Unconscionable representation

It is an unfair practice to make an unconscionable representation. Determining whether a representation is unconscionable, it may be taken into account that the person making the representation or the person’s employer, or principal knows or ought to know:

  • that the consumer is not reasonably able to protect his or her interests because of disability, ignorance, illiteracy, inability to understand the language of an agreement or similar factors;
  • that the price grossly exceeds the price at which similar goods or services are readily available to like consumers;
  • that the consumer is unable to receive a substantial benefit from the subject-matter of the representation;
  • that there is no reasonable probability of payment of the obligation in full by the consumer;
  • that the consumer transaction is excessively one-sided in favour of someone other than the consumer;
  • that the terms of the consumer transaction are so adverse to the consumer as to be inequitable;
  • that a statement of opinion is misleading, and the consumer is likely to rely on it to his or her detriment; or
  • that the consumer is being subjected to undue pressure to enter into a consumer transaction.


Each person who engaged in an unfair practice is liable jointly and severally with the person who entered into the agreement with the consumer for any amount to which the consumer is entitled under this section.

Cooling-off period

A consumer may, without any reason, cancel an agreement. Depending on the type of agreement, the cooling off period may differ and a consumer should check immediately to avoid any confusion.

Requirements for consumer agreements

Every consumer agreement for loan brokering, credit repair or for the supply of such other goods or services as may be prescribed shall be in writing, shall be delivered to the consumer and shall be made in accordance with the prescribed requirements.
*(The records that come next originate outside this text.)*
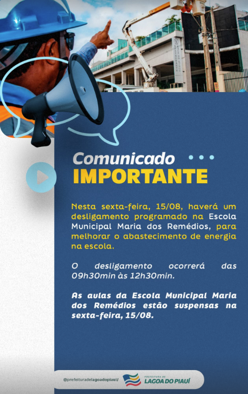 A Prefeitura de Lagoa do Piauí informa que, nesta sexta-feira, 15 de agosto, haverá um desligamento programado de energia na Escola Municipal Maria dos Remédios, visando melhorar o abastecimento de energia no local. O desligamento ocorrerá das 09h30 às 12h30, e, por precaução, as aulas da escola estarão suspensas durante este período.
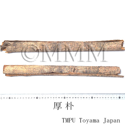 | Remarks | The Japanese Pharmacopoeia defines three kinds of bark as Houpo and it is required to contain not less than 0.8% of magnolol. The Pharmacopoeia of People's Republic of China defines Houpo, Magnoliae Officinalis Cortex, as the bark of M. officinalis (Chuanpo, Hubeipo, etc) and M. officinalis var. biloba (Wenpo, Wenzhouhoupo). Aside from the bark (trunk bark, branch bark), the root bark is also used. In the Japanese market, Chinese houpo is named generically as Tokoboku. In Korea, as well as the bark of M. officinalis, the bark of Machilus thunbergii Sieb. et Zucc. of family Lauraceae (Jap. name: Tabunoki) is substituted. Though it is called Houpo or Baopo, the properties and flavors are completely different. | |||||
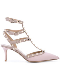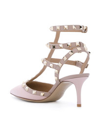 Rockstud pumps Water rose and poudre leather Valentino Garavani Rockstud pumps from Valentino featuring a pointed toe, a brand embossed insole, a mid high stiletto heel, a leather sole and a signature caged Rockstud ankle strap with buckle fastening. Made in Italy Composition Outer: Calf Leather 100%, Metal 100% Sole: Calf Leather 100% Lining: Leather 100% SIZE & FIT Measurement HEEL 2.55 in(6.5 cm) CIRCUMFERENCE 8.66 in(22 cm)
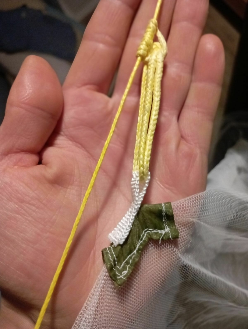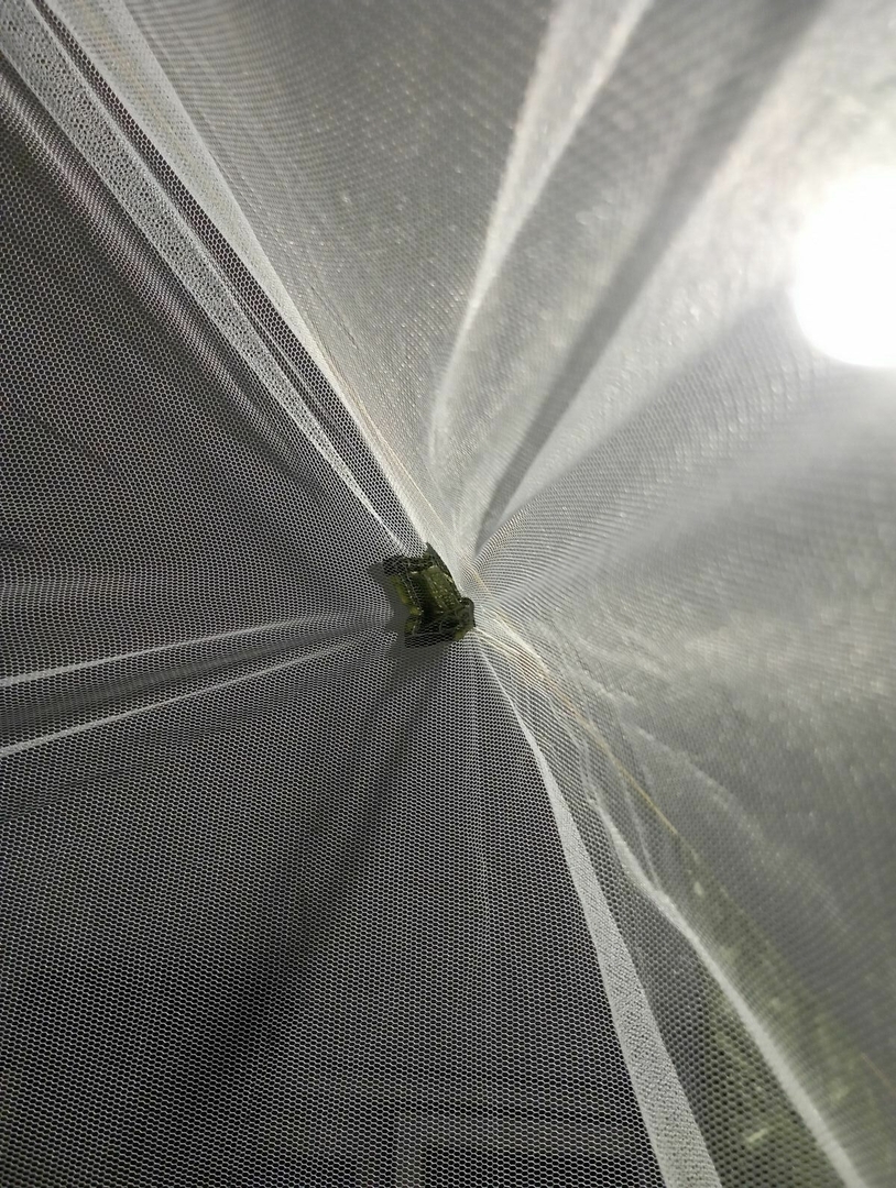 Es handelt sich bei dem unbekannten Objekt um eine DIY Version eines HUG (Half Bug Net) Ich hatte heute viel Zeit und dachte mir, dass ich mir mal einen Mückenschutz nähe. Ich übernachte nämlich gerne im Garten in der HM, nur stören mich die Mücken😕
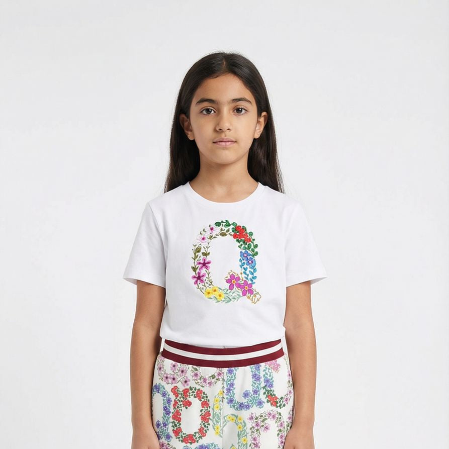 A fresh and modern take on Qatar’s national identity. Our Floral Q Set features a soft white T-shirt with a beautifully embroidered “Q” made of blooming flowers, paired with matching joggers covered in floral “Q” motifs. Designed for comfort and elegance, this set celebrates the beauty of Qatar in a playful, youthful style. Perfect for everyday wear or National Day festivities.
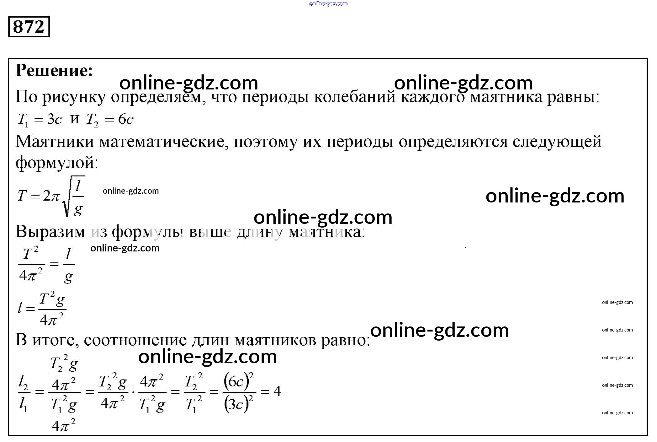 Готовые домашние задания по Физике за 7, 8, 9 класс Сборник задач Лукашик, Иванова 2011 - Задания 872
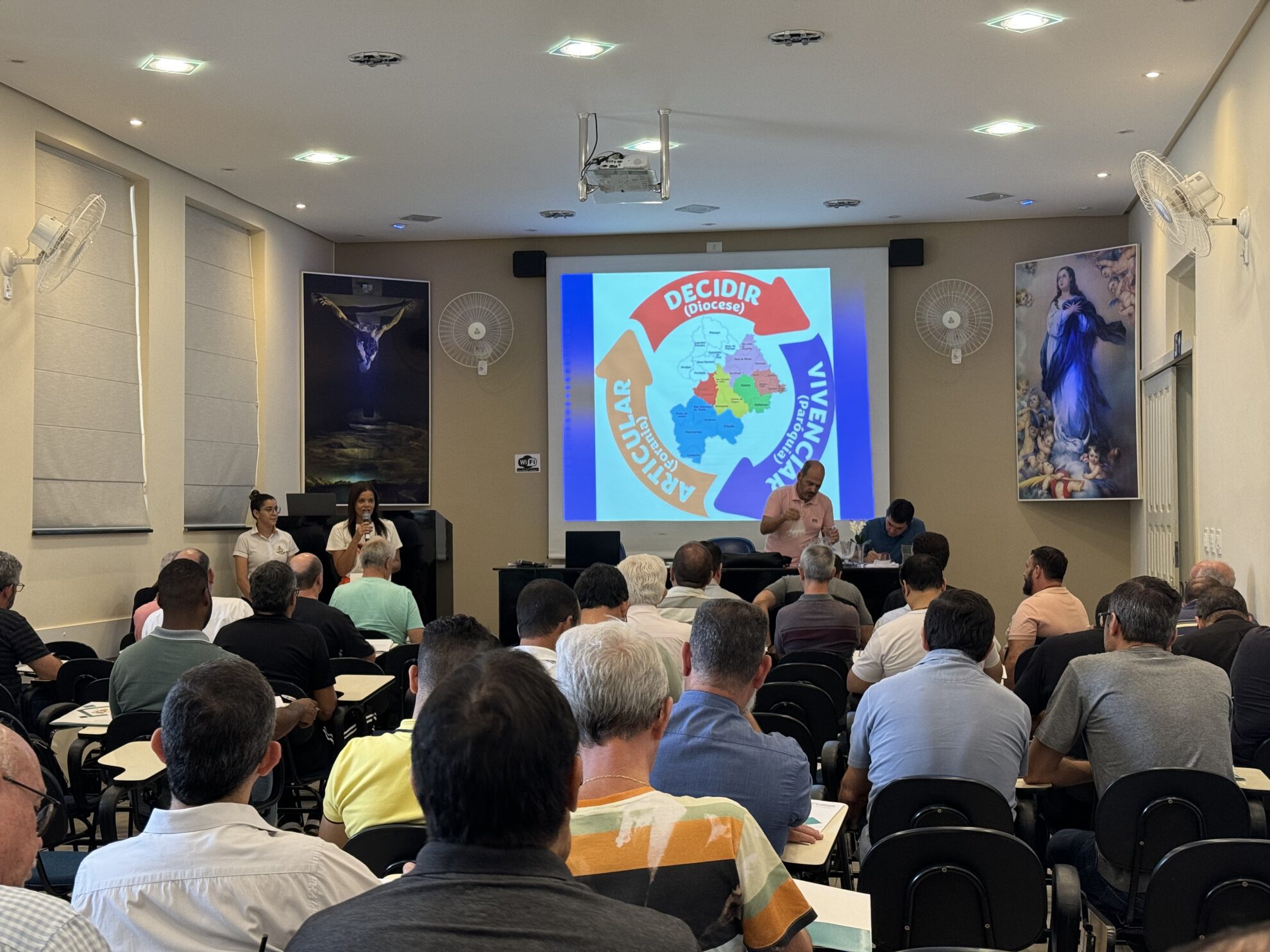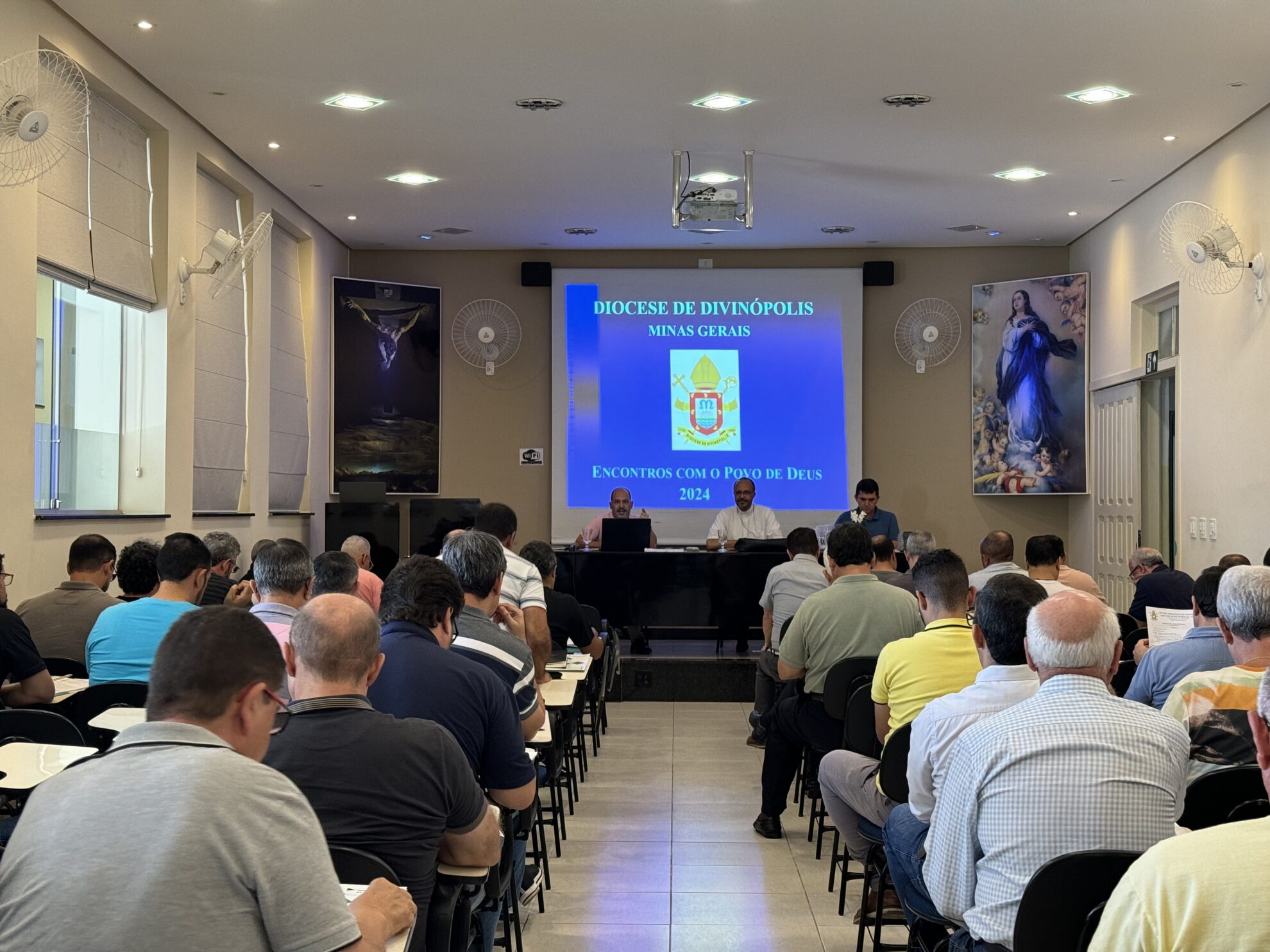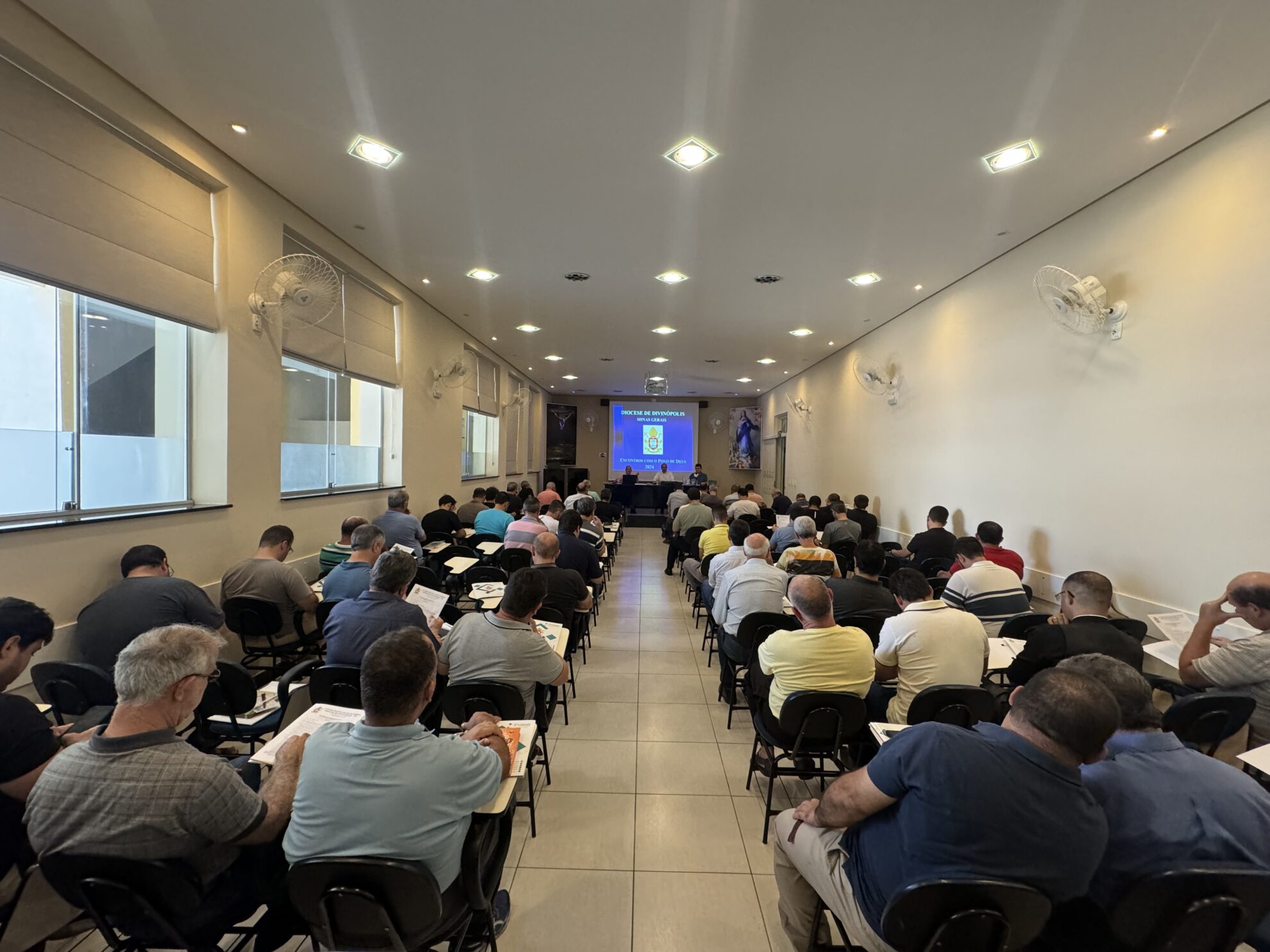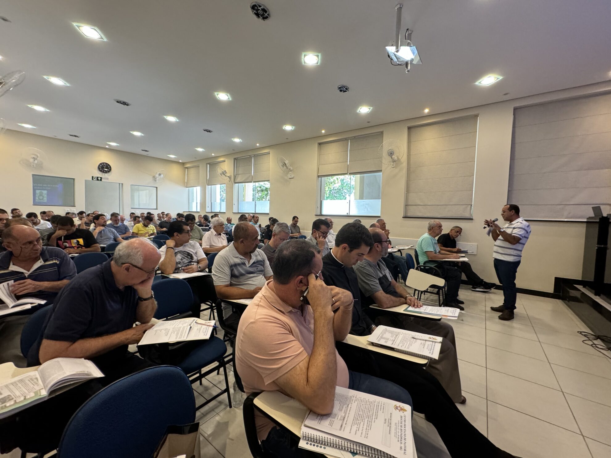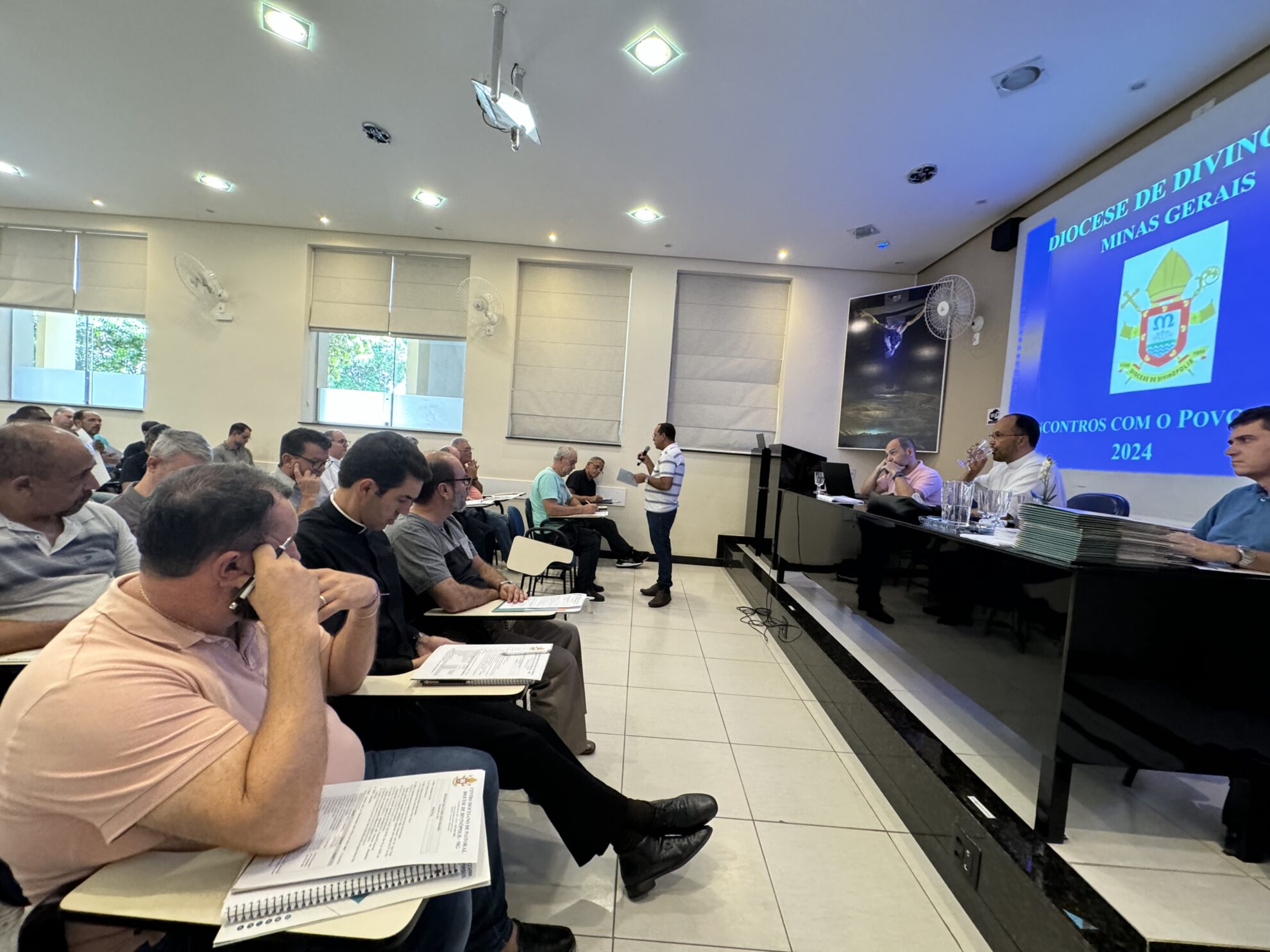 Nesta terça-feira (27/02), se reuniram na Cúria Diocesana, o bispo, os presbíteros e diáconos transitórios para a tradicional Reunião do Clero. Após a oração inicial na Capela da Cúria, os clérigos se digiriam ao auditório Imaculada Conceição para o inicio das tratativas. A pauta da reunião contou com exposição do trabalho realizado pela Pastoral Carcerária, com presença de Pe. Anderson Fonseca, assessor eclesiástico em nível diocesano e Irmã Nieves e Diácono Oscar, da Arquidiocese de Belo Horizonte.
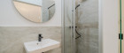 Modernes Badezimmer mit WC, Dusche und Waschtisch
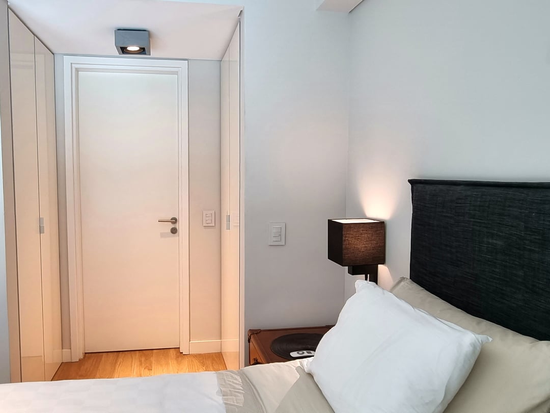 La unidad cuenta con 1 dormitorio en suite con cama King y somier Español. Amplios placards con interiores de Todesquini.

Advance payments prohibited

Many industries are barred from requiring or accepting any payment or any security for a payment, directly or indirectly, from or on behalf of a consumer. Check to make sure that if the business is asking for a deposit, that they are in fact allowed to do so.

Motor Vehicle Estimates

No repairer shall charge a consumer for any work or repairs unless the repairer first gives the consumer an estimate that meets the prescribed requirements.

Final Thoughts

Consumer protection legislation can be complicated and confusing with overlapping jurisdictions and regulations. However, it is a critical element in the Canadian business landscape as it helps to build trust in consumers. Without trust, businesses will find it difficult to gain new customers. Consumer protection legislation should not be viewed as a burden to businesses, but rather an opportunity to illustrate to customers that they can trust the business or organization they are accessing.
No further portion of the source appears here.